Polyoxometalate Metal–Organic Frameworks: Keggin Clusters Encapsulated into Silver-Triazole Nanocages and Open Frameworks with Supercapacitor Performance

Abstract

To investigate the relationship between the structures of polyoxometalate host-guest materials and their energy-storage performance, three novel polyoxometalate-based metal-organic compounds, [Ag₁₀(C₂H₂N₃)₈][HVW₁₂O₄₀], [Ag₁₀(C₂H₂N₃)₆][SiW₁₂O₄₀], and [Ag(C₂H₂N₃)][Ag₁₂(C₂H₂N₃)₉][H₂BW₁₂O₄₀] are synthesized by a one-step hydrothermal method and further confirmed by single-crystal X-ray diffraction analyses and other numerous characterization techniques. In compound [Ag₁₀(C₂H₂N₃)₈][HVW₁₂O₄₀], the Keggin clusters are intersected into channels formed by a 3D open metal-organic framework. In contrast, in compounds [Ag₁₀(C₂H₂N₃)₆][SiW₁₂O₄₀] and [Ag(C₂H₂N₃)][Ag₁₂(C₂H₂N₃)₉][H₂BW₁₂O₄₀], the Keggin clusters are encapsulated into silver-triazole metal-organic nanocages to construct core-shell structures, which are further fused together by covalent bonds to form 3D polyoxometalate-based metal-organic frameworks.
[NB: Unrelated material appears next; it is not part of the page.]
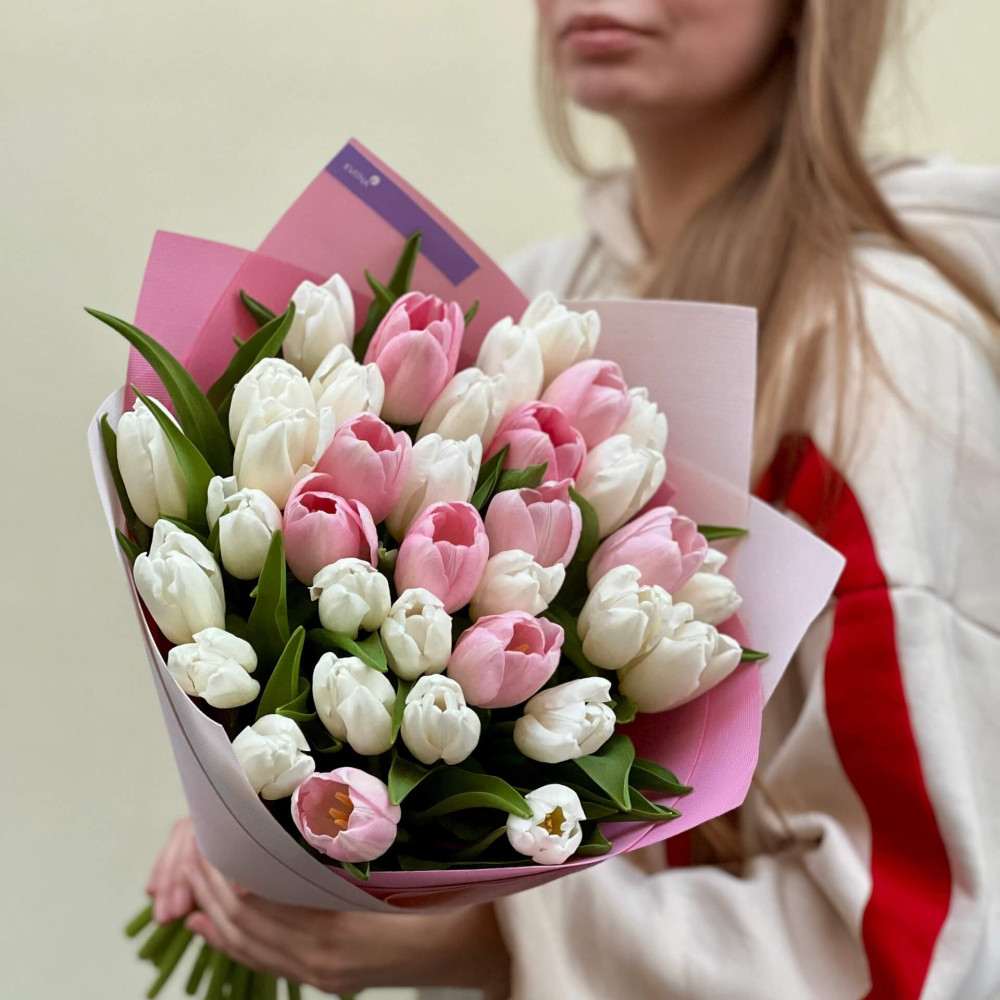 - Як замовити 35 ніжних класичних тюльпанів у букеті «Делікатне сяйво»? ❯

The electrochemical properties of three compound-based electrodes are estimated by cyclic voltammetry, galvanostatic charge-discharge, electrochemically active surface area, and electrochemical impedance spectroscopy. The results of the electrochemical performance tests indicate that these compounds possess high specific capacitance and cycling stability, especially [Ag₁₀(C₂H₂N₃)₈][HVW₁₂O₄₀], showing a specific capacitance of 93.5 F g^-1, which is higher than that of many other polyoxometalate-based electrode materials. A possible mechanism of the electrochemical performance is explored, which is mainly related to the redox capacity of polyoxometalate, the electrochemically active surface area, the electrochemical impedance spectroscopy, and the microstructures of polyoxometalate-based metal-organic frameworks.